Exercise data: Begin
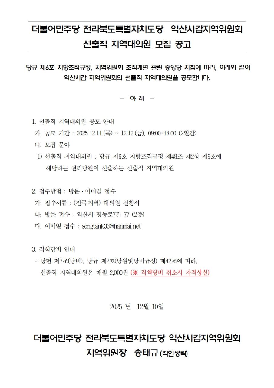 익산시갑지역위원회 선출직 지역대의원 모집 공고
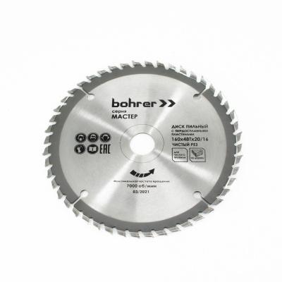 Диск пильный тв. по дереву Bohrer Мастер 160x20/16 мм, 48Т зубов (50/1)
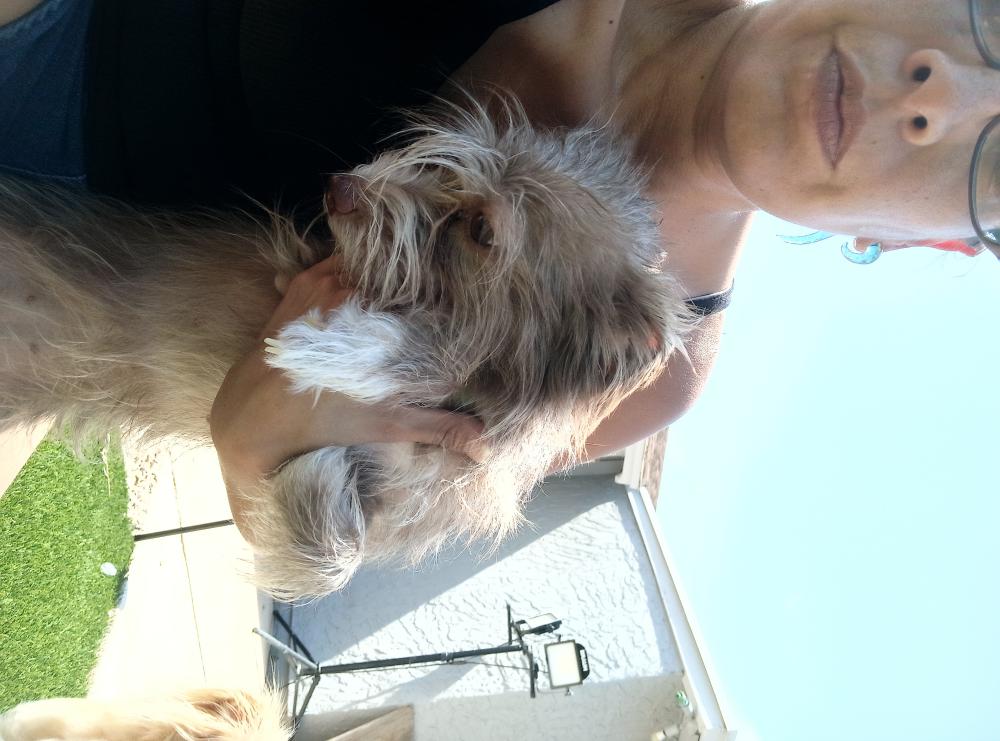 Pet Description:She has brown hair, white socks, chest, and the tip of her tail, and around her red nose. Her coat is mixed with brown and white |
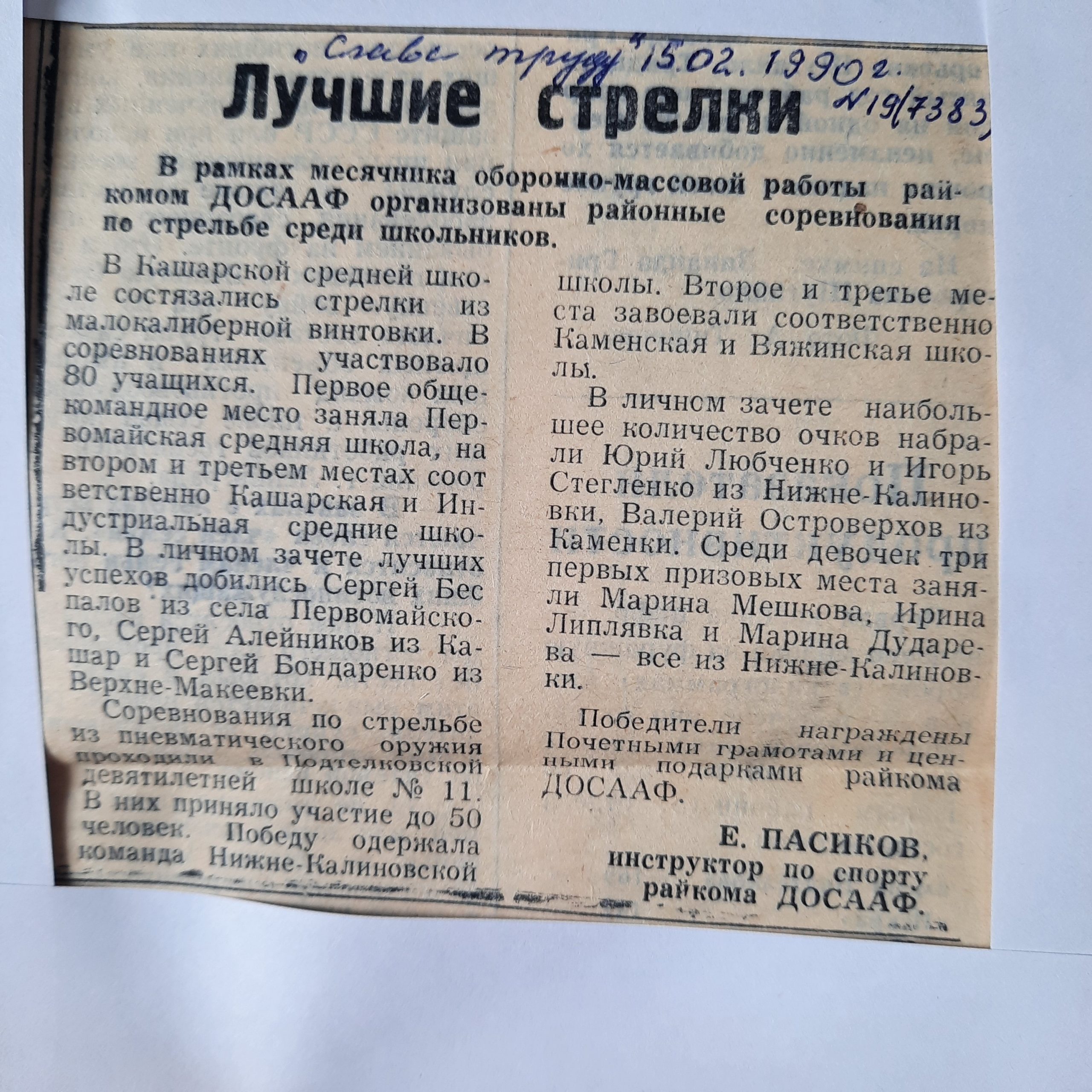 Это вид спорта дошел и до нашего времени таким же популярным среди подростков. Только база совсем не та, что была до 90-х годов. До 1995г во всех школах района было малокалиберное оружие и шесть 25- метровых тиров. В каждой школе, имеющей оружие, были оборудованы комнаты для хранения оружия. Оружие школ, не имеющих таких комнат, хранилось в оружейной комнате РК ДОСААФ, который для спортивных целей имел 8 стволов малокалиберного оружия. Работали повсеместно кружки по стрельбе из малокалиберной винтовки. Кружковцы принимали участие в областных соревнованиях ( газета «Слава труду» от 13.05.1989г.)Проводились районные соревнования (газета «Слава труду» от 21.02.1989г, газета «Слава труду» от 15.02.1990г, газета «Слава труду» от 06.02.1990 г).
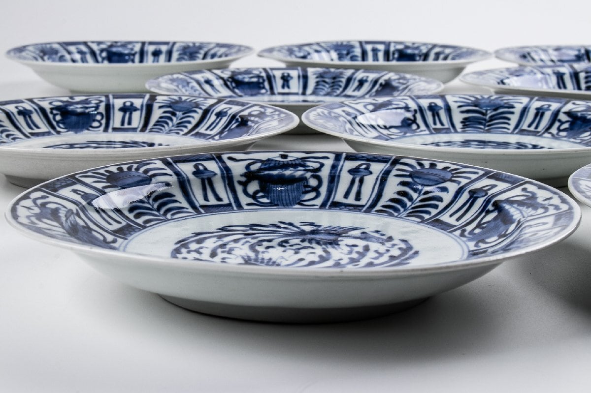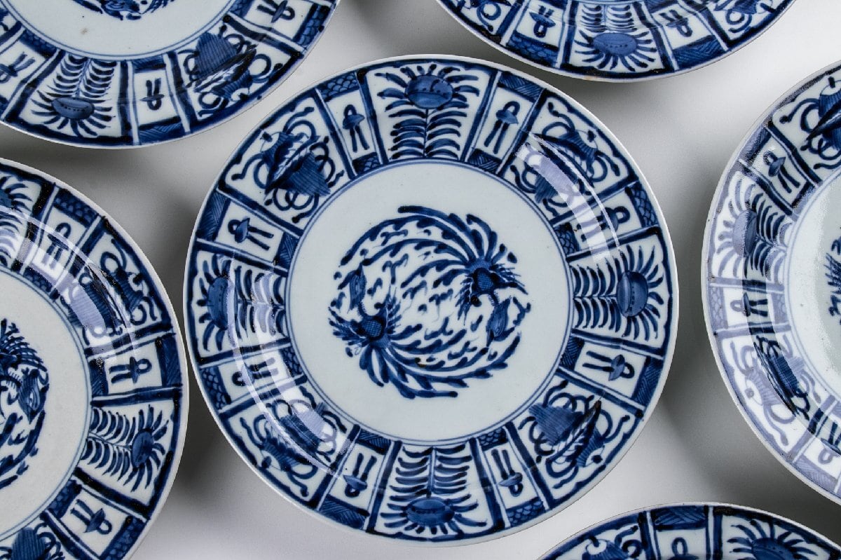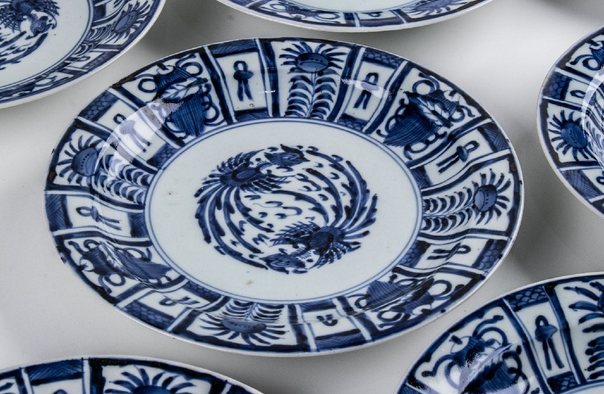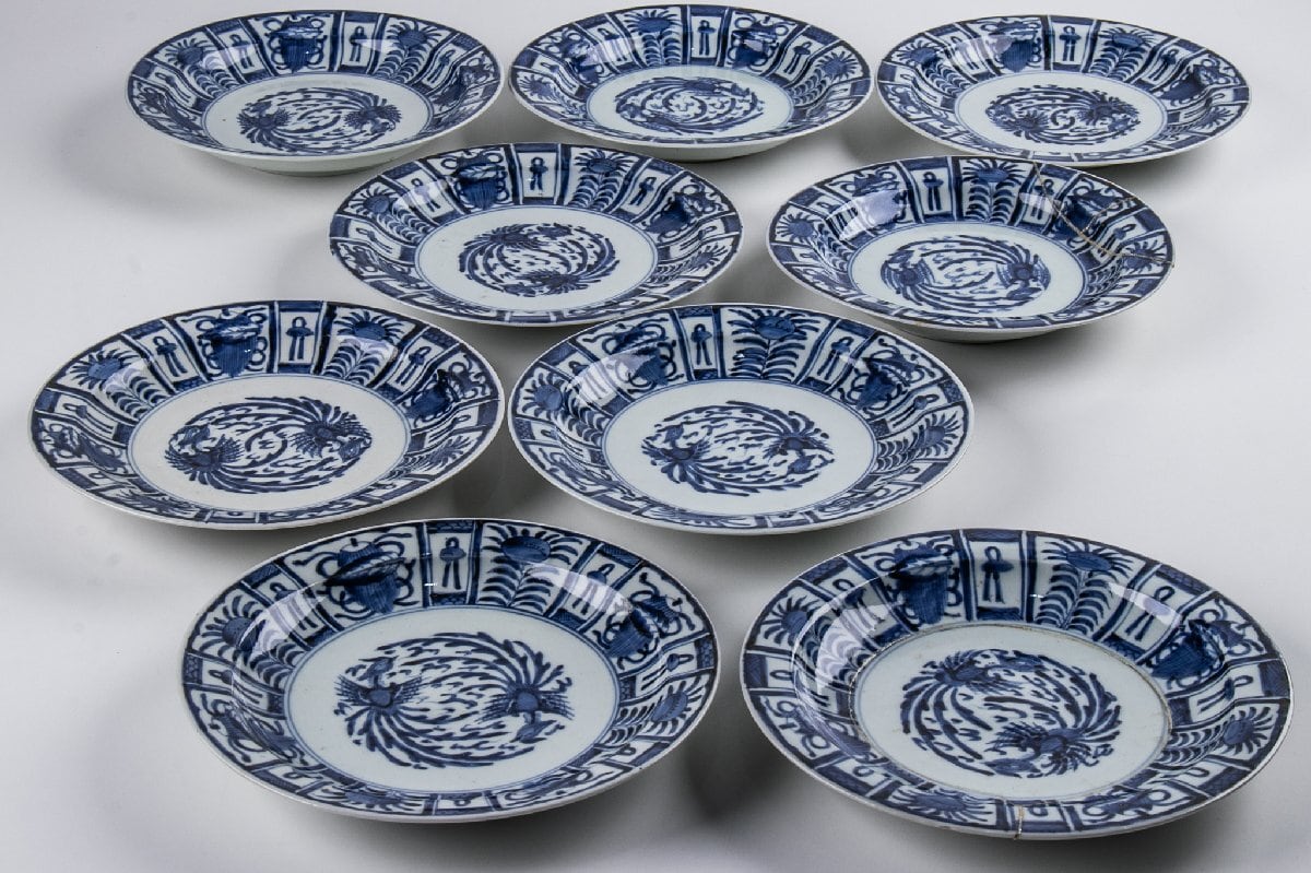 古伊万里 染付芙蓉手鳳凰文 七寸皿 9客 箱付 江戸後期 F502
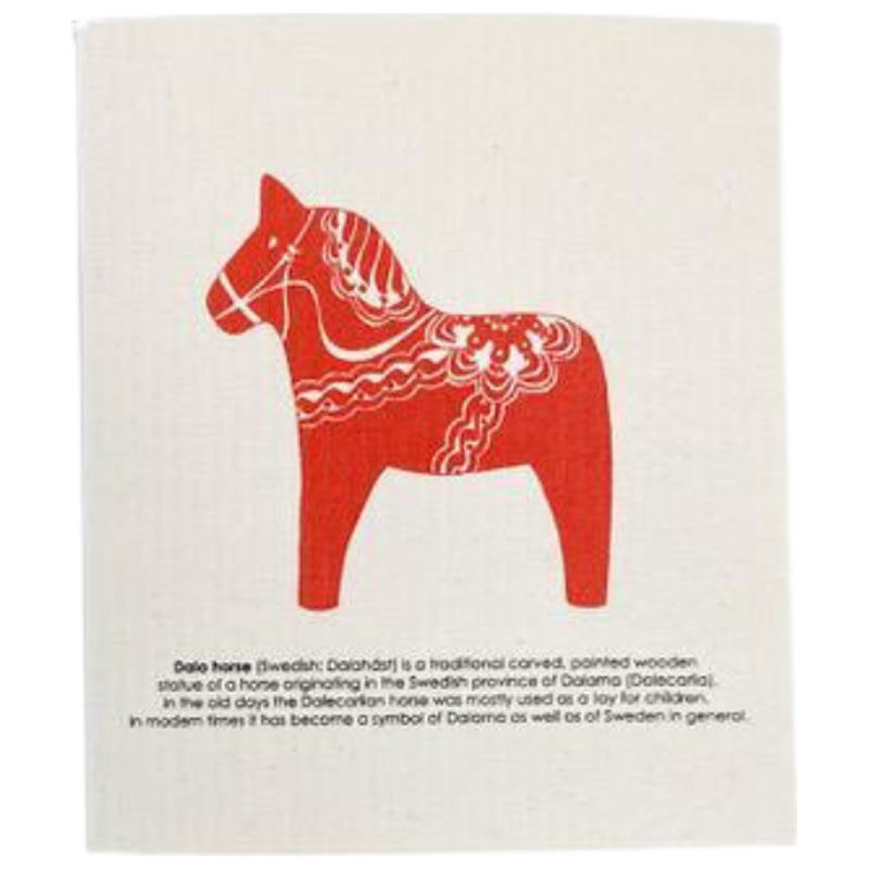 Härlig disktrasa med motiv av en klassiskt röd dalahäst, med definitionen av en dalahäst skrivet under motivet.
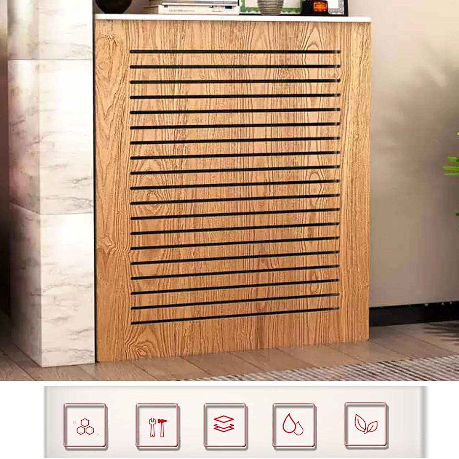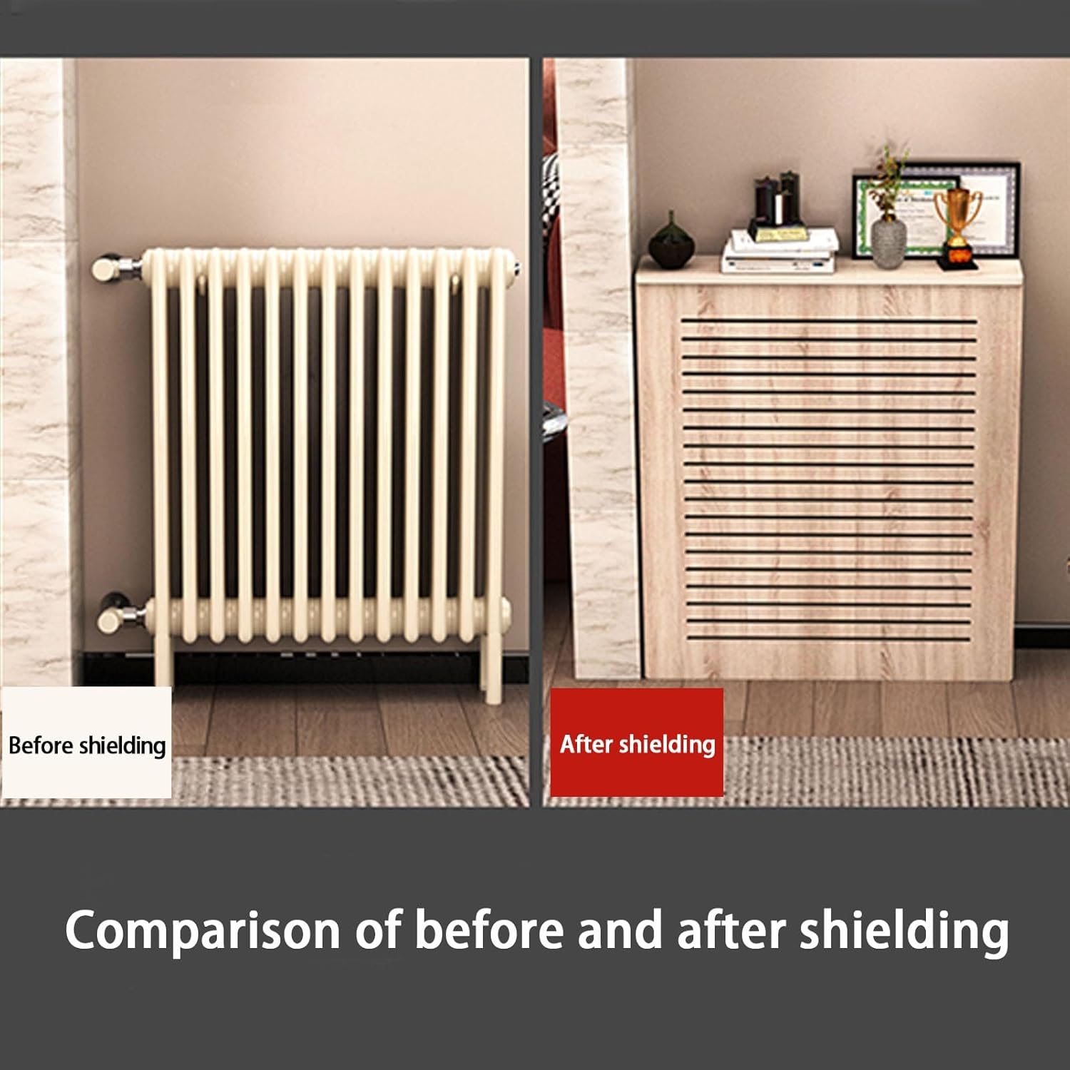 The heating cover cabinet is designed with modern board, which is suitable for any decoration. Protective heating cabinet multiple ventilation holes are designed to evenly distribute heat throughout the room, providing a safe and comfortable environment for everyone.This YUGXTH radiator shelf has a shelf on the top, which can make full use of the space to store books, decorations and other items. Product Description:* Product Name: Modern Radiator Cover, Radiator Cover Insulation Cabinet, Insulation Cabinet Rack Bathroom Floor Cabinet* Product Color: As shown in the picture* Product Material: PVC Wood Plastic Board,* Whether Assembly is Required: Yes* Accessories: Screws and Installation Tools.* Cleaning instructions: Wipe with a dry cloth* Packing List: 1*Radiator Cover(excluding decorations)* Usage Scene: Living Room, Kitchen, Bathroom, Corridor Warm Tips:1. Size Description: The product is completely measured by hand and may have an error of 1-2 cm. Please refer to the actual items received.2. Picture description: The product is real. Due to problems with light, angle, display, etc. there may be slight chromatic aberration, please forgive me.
Exercise data: End
→ Directions:
An exact, picture-free copy of the listing above is the goal; write it out now.

→ Solution for this exercise:
 익산시갑지역위원회 선출직 지역대의원 모집 공고
 Диск пильный тв. по дереву Bohrer Мастер 160x20/16 мм, 48Т зубов (50/1)
 Pet Description:She has brown hair, white socks, chest, and the tip of her tail, and around her red nose. Her coat is mixed with brown and white |
 Это вид спорта дошел и до нашего времени таким же популярным среди подростков. Только база совсем не та, что была до 90-х годов. До 1995г во всех школах района было малокалиберное оружие и шесть 25- метровых тиров. В каждой школе, имеющей оружие, были оборудованы комнаты для хранения оружия. Оружие школ, не имеющих таких комнат, хранилось в оружейной комнате РК ДОСААФ, который для спортивных целей имел 8 стволов малокалиберного оружия. Работали повсеместно кружки по стрельбе из малокалиберной винтовки. Кружковцы принимали участие в областных соревнованиях ( газета «Слава труду» от 13.05.1989г.)Проводились районные соревнования (газета «Слава труду» от 21.02.1989г, газета «Слава труду» от 15.02.1990г, газета «Слава труду» от 06.02.1990 г).
 古伊万里 染付芙蓉手鳳凰文 七寸皿 9客 箱付 江戸後期 F502
 Härlig disktrasa med motiv av en klassiskt röd dalahäst, med definitionen av en dalahäst skrivet under motivet.
 The heating cover cabinet is designed with modern board, which is suitable for any decoration. Protective heating cabinet multiple ventilation holes are designed to evenly distribute heat throughout the room, providing a safe and comfortable environment for everyone.This YUGXTH radiator shelf has a shelf on the top, which can make full use of the space to store books, decorations and other items. Product Description:* Product Name: Modern Radiator Cover, Radiator Cover Insulation Cabinet, Insulation Cabinet Rack Bathroom Floor Cabinet* Product Color: As shown in the picture* Product Material: PVC Wood Plastic Board,* Whether Assembly is Required: Yes* Accessories: Screws and Installation Tools.* Cleaning instructions: Wipe with a dry cloth* Packing List: 1*Radiator Cover(excluding decorations)* Usage Scene: Living Room, Kitchen, Bathroom, Corridor Warm Tips:1. Size Description: The product is completely measured by hand and may have an error of 1-2 cm. Please refer to the actual items received.2. Picture description: The product is real. Due to problems with light, angle, display, etc. there may be slight chromatic aberration, please forgive me.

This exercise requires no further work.